Consider the steps taken when calling isThree(3):

  1. return 3 == 3 ? true : false;
  2. return true ? true : false;
  3. return true;

This translate “if x equals to 3 return true, otherwise return false”.
What about simply “return x equals to 3”?

So in Haskell we would have:

isThree :: Int -> Bool
isThree = (==3)

And in Java:

boolean isThree (int x) {
  return x == 3;
}

Avoid unnecessary computation.
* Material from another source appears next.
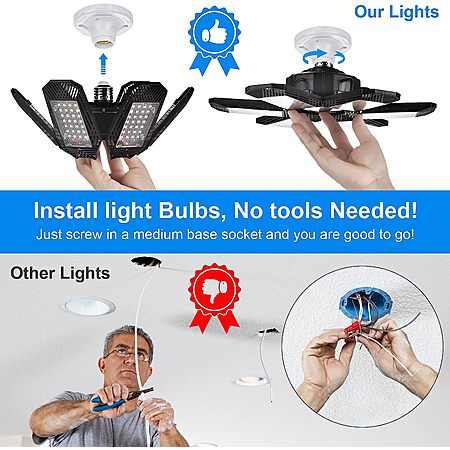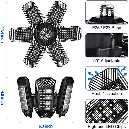 Features:- This LED garage light supports E26/E27 sockets (without sockets), screw-in installation no tools, no wiring
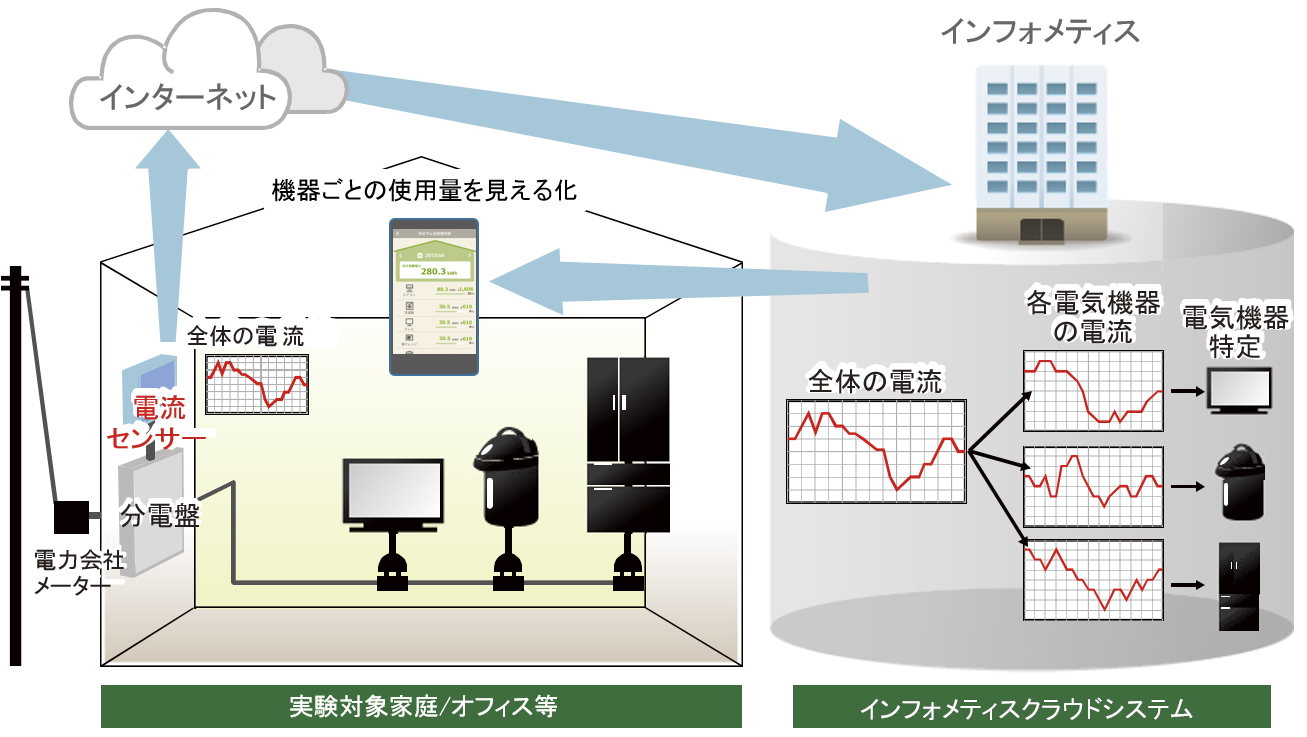 インフォメティス株式会社(東京都港区 代表取締役社長 只野太郎)と東京電力株式会社(東京都千代田区 代表執行役社長 廣瀬直己)は、平成27年3月より、インフォメティス株式会社の「機器分離技術」を活用したサービスの実証を共同で実施することといたしました。本実証では、インフォメティス株式会社はAI(人工知能)を用いた機器分離(ディスアグリゲーション)技術を提供いたします。本実証により簡易にローコストで得られる「機器ごとの使用状況データ」を活用して、顧客満足度をさらに高めるための新たなサービスの可能性を検討いたします。

It will make everyone happier and the code cleaner.

Example 3 - isEven

Let’s now check if a given number is even:

in Java:

public boolean isEven( int x ) {
	x = Math.abs(x);
	boolean isEven = false;
	for ( int i = 2; i <= x; i+=2 ) {
		isEven = i == x;
	}
	return isEven;
}

in Haskell:

isEven :: Int -> Bool
isEven x = elem absX [2,4..absX]
	where absX = abs x

… “But it works”! Yes, it does, but why would we want this to be our code when it can be this simple instead?


public boolean isEven( int x ) {
	return x % 2 == 0;
}
isEven :: Int -> Bool
isEven x = mod x 2 == 0 

Example 4 - Not making use of the language

It is also important to be aware of what the language we are using can do for us, otherwise we end up doing things like this:

public List<Integer> getList() {
	List<Integer> newList = new ArrayList<>();
	for (int i = 0; i < this.list.size(); i++) {
		newList.add(this.list.get(i));
	}
	return newList;
}

instead of this:

public List<Integer> getList() {
	return new ArrayList<>(list);
}

The first version does the work, but that is not how we want it.

Imagine that this situation gets repeated all around your code: you will end up taking 10 times more to read it, with 5 times more lines of code and with (much more) uncertainty.

If the language doesn’t support something specific that you need to do all around, encapsulate it and then you can use it in a clean way.

Little bad things together become terrible so avoid the “But it works” excuse and refactor your code instead, making it simpler and cleaner.
Don’t do it only for yourself but also for your teammates and for the sake of the sotware you are developing together as a team.